Hi...........I am looking for headphones which can be used with mobile as well as laptop. My budget is between Rs1000 to Rs2000. So kindly suggest me best option!


----------



## warfreak (Jan 16, 2013)

You can get Senheiser HD 202 for arnd 2k from Prime ABGB


----------



## clickclick (Jan 16, 2013)

JBL Tempo on ear, u can find it online anywhere between 1700-1900


----------



## audiophilic (Jan 24, 2013)

Are you into over-ear or in-ear?


----------



## ShankJ (Jan 24, 2013)

audiophilic said:


> Are you into over-ear or in-ear?



Arn't headphones supposed to be over-ear??


----------



## audiophilic (Jan 24, 2013)

Shashank Joshi said:


> Arn't headphones supposed to be over-ear??



Headphones come in a variety from in-the-ear to over-ear. Its a very non-specific term. So some earphones are called in-ear headphones, while some prefer to call them in-ear canalphones.


----------



## ShankJ (Jan 24, 2013)

Arn't those earphones which come in two variant- in-ear(canalphones) and the other version.. Headphones i thought was only of one type..


----------



## audiophilic (Jan 27, 2013)

Shashank Joshi said:


> Arn't those earphones which come in two variant- in-ear(canalphones) and the other version.. Headphones i thought was only of one type..



It depends on how you define the terms.


----------



## red dragon (Jan 27, 2013)

audiophilic said:


> Headphones come in a variety from in-the-ear to over-ear. Its a very non-specific term.


No sir!You are completely wrong!


----------



## ShankJ (Jan 27, 2013)

audiophilic said:


> It depends on how you define the terms.



and how do you define it??



red dragon said:


> No sir!You are completely wrong!



explain..!!


----------



## tkin (Jan 28, 2013)

Shashank Joshi said:


> and how do you define it??
> 
> 
> 
> explain..!!


In ear headphones(earphones) are called IEM aka In ear monitors, headphones can also be of different types, like over the ear(Circumaural surround the ear, Supra-aural press against the ears) clip on, or around the neck etc. If it goes inside your ear its IEM/canalphone(well technically there are another type of earphones, like these: TDK-EB-100 Stereo Headphone with Enhanced Bass - TDK: Flipkart.com these are just called earphones or earbuds), else its headphone.
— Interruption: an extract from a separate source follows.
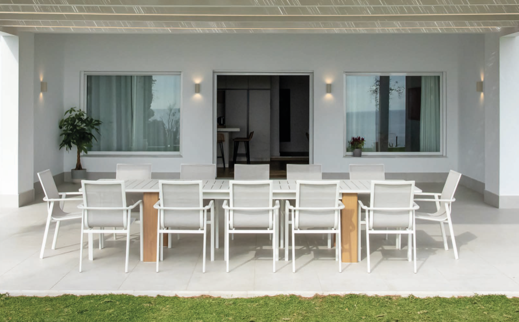 Mesa Arias de la colección exterior Majestic Garden. Fabricado en aluminio, madera, textilene. con acabados en color crema. Asiento de textilene en color crema. Tablero extensible color crema. Medidas: 233/350x100x76 cm.

Headphones hang around your head, earphones go in your ear.


----------



## ShankJ (Jan 28, 2013)

tkin said:


> In ear headphones(earphones) are called IEM aka In ear monitors, headphones can also be of different types, like over the ear(Circumaural surround the ear, Supra-aural press against the ears) clip on, or around the neck etc. If it goes inside your ear its IEM/canalphone(well technically there are another type of earphones, like these: TDK-EB-100 Stereo Headphone with Enhanced Bass - TDK: Flipkart.com these are just called earphones or earbuds), else its headphone.
> 
> Headphones hang around your head, earphones go in your ear.





well said.. That was what i was trying to explain..


----------